Рута попятилась назад и уперлась в холодную стену. Оглянувшись, она увидела, что это огромный оранжевый дом, верхушка которого упиралась в небо. Стена была ледяной, она чувствовала крошащиеся под ногтями хрусталики льда.
«Странно, лед – и оранжевого цвета», – подумала девушка, несмотря на охвативший ее ужас. Дыхание перехватило, и Руте оставалось только стоять и смотреть на приближающегося монстра, который начал гореть. Волосы затрещали, нос обуглился, глаза лопнули.
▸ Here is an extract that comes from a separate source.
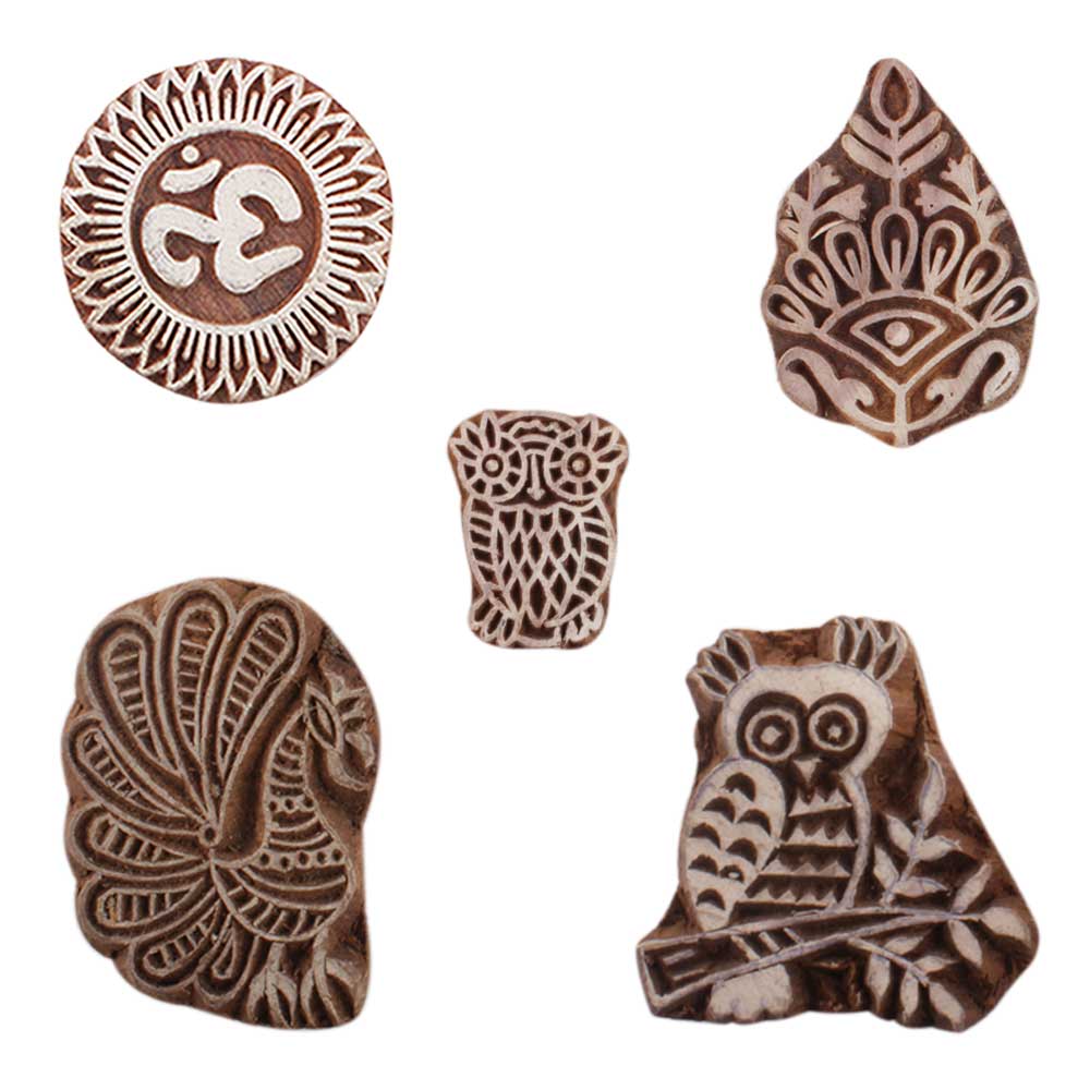 Set of 5 Piece New Mix Wooden Printing Blocks. Ideal for use on Fabric, Paper, Canvas, etc. These Blocks can be use to Print with Oil Colors, Fabric Colors, Water Colors, Acrylic Colors and Vegetable Colors.

Ноги у горящего существа подкосились, и оно свалилось на землю. Тесак воткнулся рядом, на сверкающем лезвии заплясали блики огня.
«Сказку. Ты забыла сказку, моя девочка…» – прошелестело умирающее существо, и Рута проснулась, заходясь в беззвучном вопле. Рядом сквозь сон что-то буркнул Ярик и поплотнее завернулся в одеяло.
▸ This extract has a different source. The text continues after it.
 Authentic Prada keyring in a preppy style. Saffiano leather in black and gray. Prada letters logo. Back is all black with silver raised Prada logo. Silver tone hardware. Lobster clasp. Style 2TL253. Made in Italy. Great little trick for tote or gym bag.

Сказку. Рута села в кровати. Ветер утих, луна перекатилась на другую сторону, и зловещие покачивания ветвей прекратились.
Девушка вытерла мокрый от пота лоб. Последний раз отчим снился ей очень давно, но такой кошмар она видела впервые. Дрожа всем телом, Рута пыталась привести свои мысли в порядок, как вдруг до ее ушей донеслось едва различимое поскрипывание. Звук шел от лестницы, и девушка замерла. Вязкую тишину нарушало только ее сердце, испуганной птицей колотившееся в груди, и это странное поскрипывание.
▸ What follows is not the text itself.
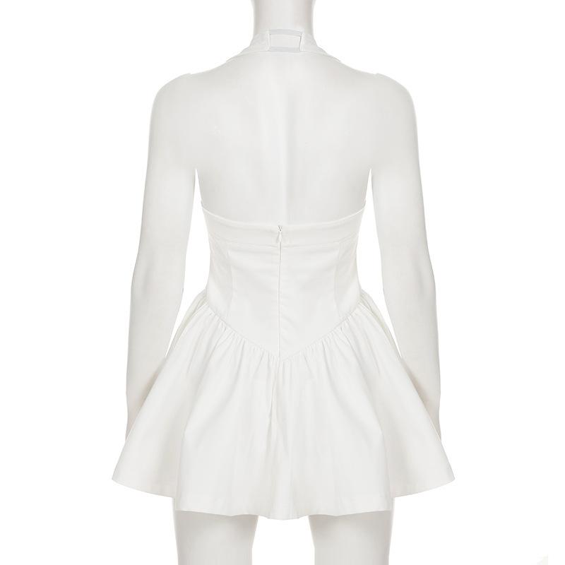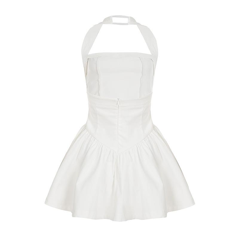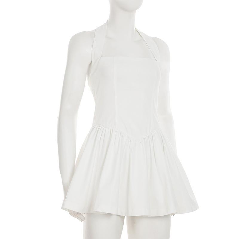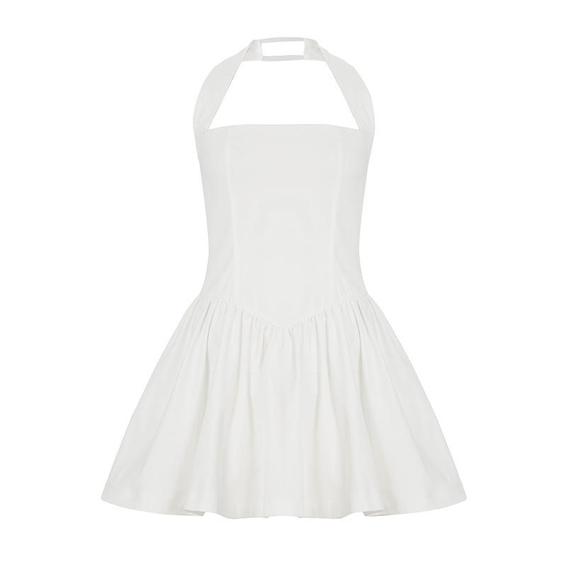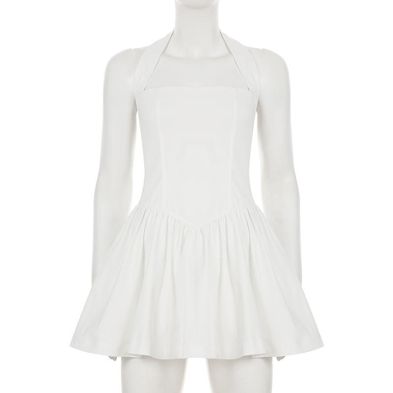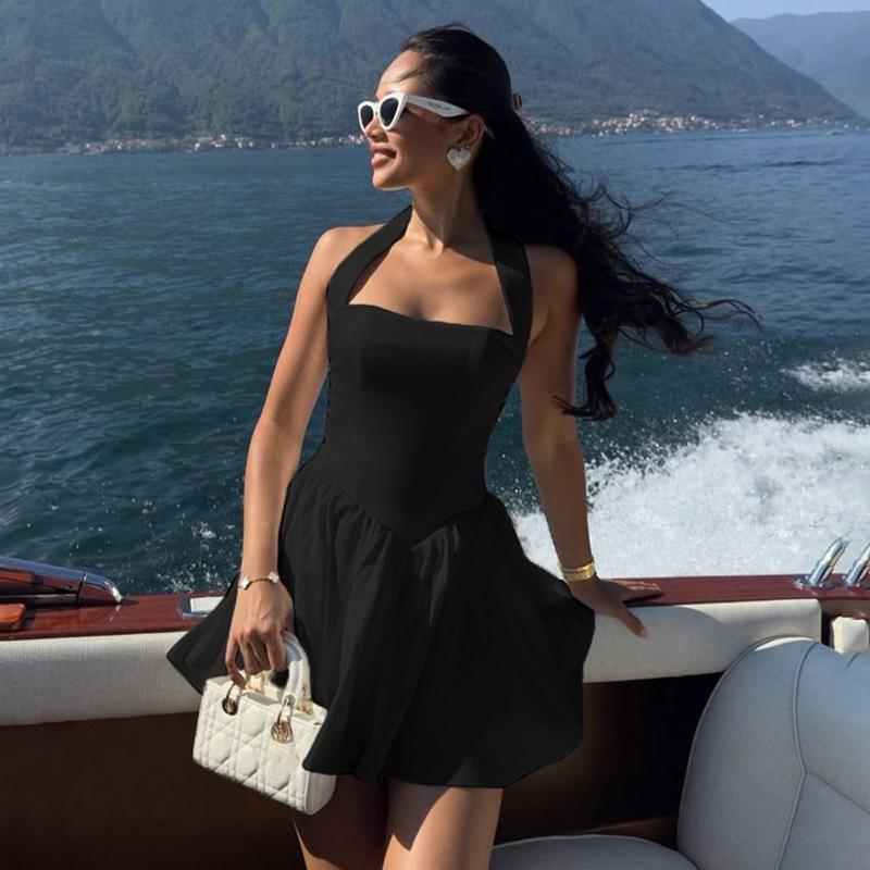 Amazon Europa y América Estilo Vacacional Costero Transfronterizo Color Sólido Entallado Adelgazante Cuello Halter Vestido Línea A Nueva Llegada 2025 Venta al por Mayor

«Митрич, – пыталась успокоить себя она. – Он захотел воды или в туалет, вот и решил спуститься… А может, это Дина ходила наверх к…»
Внезапно ее поразила страшная мысль – это не Дина и уж, конечно же, не Митрич. Это старуха, мать Дины, и она крадется к ее комнате. Крадется, чтобы еще раз потрогать ее тело своими заскорузлыми пальцами. Эта мысль привела Руту в такой неописуемый ужас, что она чувствовала, как ее мочевой пузырь вот-вот самопроизвольно опорожнится.
«Дверь, – прошептал внутренний голос. – Дверь открыта, детка».
Девушка мигом слетела с кровати. Поскрипывание становились громче. Тот, кто спускался со второго этажа, теперь явно направлялся к их комнате. Затаив дыхание, Рута на цыпочках направилась к двери. Она шла с величайшей осторожностью, словно по столу, уставленному хрустальной посудой. Дрожащими руками она передвинула задвижку, закрыв дверь, и только после этого выпустила из легких воздух. Теперь она стояла, боясь шелохнуться, и прислушивалась, что будет дальше.